USP: Problemas com trânsito guiam urbanização de São Paulo

Em São Paulo existem 4,5 milhões de automóveis

qua, 23/03/2005 - 18h03 | Do Portal do Governo

Congestionamento, poluição, estresse: o que mais se ouve de São Paulo é que a cidade não comporta volume tão grande de automóveis particulares e que deveria haver mais investimentos em transporte coletivo. ‘Cada vez mais a cidade, historicamente, se molda para receber o transporte individual’, afirma o geógrafo Jaime Oliva. Em sua tese de doutorado defendida na Faculdade de Filosofia, Letras e Ciências Humanas (FFLCH) da USP, ele mostra que o uso intenso de carros particulares altera o espaço da cidade e, em decorrência disso, as relações humanas.

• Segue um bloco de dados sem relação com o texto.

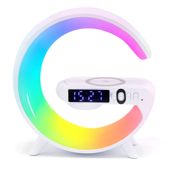 Беспроводная белая колонка Goody с функцией беспроводной зарядки. Часы, будильник, RGB-подсветка, а так же защитная накладка на кнопке включения являются её особенностями.

‘Em São Paulo existem 4,5 milhões de automóveis, número muito superior a qualquer outra metrópole do mundo’, contabiliza o pesquisador. Em seu estudo, Oliva analisou estatísticas oficiais de trânsito, fluxos de pessoas e dados sobre empreendimentos imobiliários para concluir que São Paulo está construindo uma imensa garagem. Segundo ele, estão sendo construídas estruturas imensas para acomodar os automóveis, como estacionamentos e conjuntos residenciais, em geral, com mais de duas garagens, além dos complexos viários.

Subúrbios internos

Diferentemente de outras metrópoles mundiais, com destaque para as grandes cidades norte-americanas, São Paulo não sofreu um processo de ‘suburbanização’, ou seja, não se fragmentou fisicamente distribuindo sua população para regiões próximas ao centro. Esse processo acontece como reflexo da vontade de afastamento dos problemas que as cidades apresentam, como a violência, congestionamentos, encontros desejáveis, elitização etc.

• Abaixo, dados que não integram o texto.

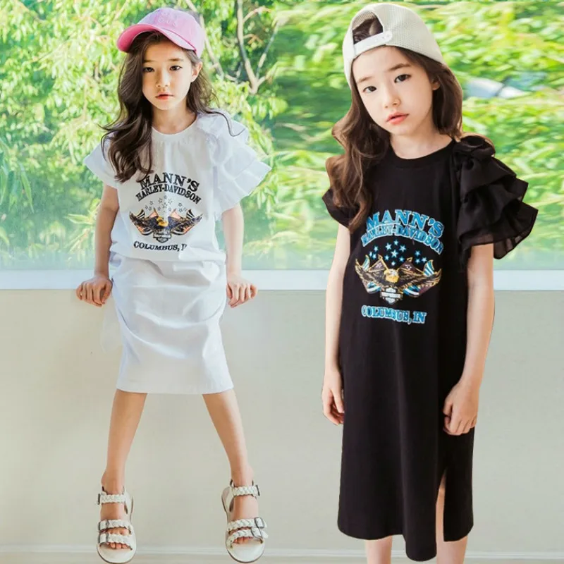 2019 Летнее Детское платье, хлопковое платье для девочек, эластичное детское Повседневное платье, Брендовое детское длинное платье с рисунко...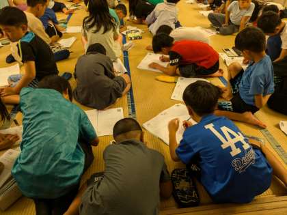 キャンプファイヤーのあと、お風呂に入って、最後に今日の振り返りをしました。いい天気のなか、外での活動だったので疲れていると思います。しっかり休んで明日に備えてくださいね。おやすみなさい。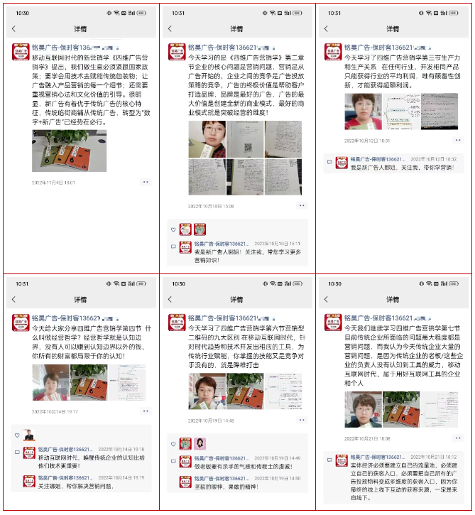 铭昊广告的娜姐,在学习牛云老师的著作《四维广告营销学》时,会在朋友圈发布自己的学习进度,总结每一节的思维导图,认真的求知态度打动了很多客户。

‘Em São Paulo foi diferente: a vontade de afastamento resultou no uso intenso dos automóveis particulares e na construção de condomínios fechados que impedem o contato dos moradores com sua cidade há uma ou duas gerações’, explica o geógrafo. ‘São Paulo construiu seus ‘subúrbios internos’. Separou as pessoas mantendo-as fisicamente próximas.’

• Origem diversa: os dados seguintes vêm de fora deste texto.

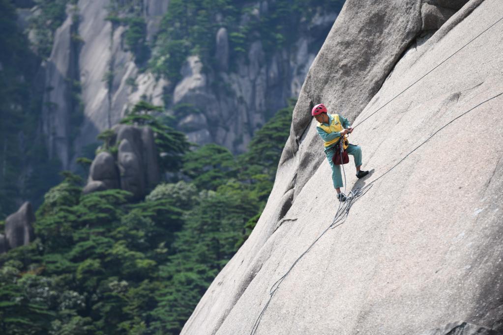 此后,在黄山的悬崖峭壁间,游客时常能看到一位头戴安全帽、身系登山绳的黝黑汉子像“蜘蛛侠”一样身形矫健地穿梭于山间。

Uma hipótese para o não desmembramento físico da capital paulista é a falta de investimento em anéis viários que permitiriam o rápido acesso da população dos subúrbios para a cidade. ‘A construção desses anéis viários e dos condomínios afastados, como Alphaville, ainda é bastante recente’, diz.

Transporte público

O uso do automóvel particular faz parte do modo de vida da população brasileira. ‘Existe a crença e a aceitação ideológica de que a passagem para o setor privado representa ascensão social, como o uso de sistema de ensino, de saúde e de transporte particulares, ao invés dos públicos.’

‘Três automóveis e um imóvel com três garagens passam a ser um patrimônio, é um investimento para se movimentar pela cidade. Quem fez esse investimento não usa ônibus e metrô’, avalia o pesquisador. ‘Esse segmento da população que possui automóveis é o que tem poder de reivindicação, mas não interessa a ele o investimento em transporte público.’ Para Oliva, a cidade não pode ser vista como um palco, mas um ingrediente da sociedade, e nós somos atores do processo de sua transformação.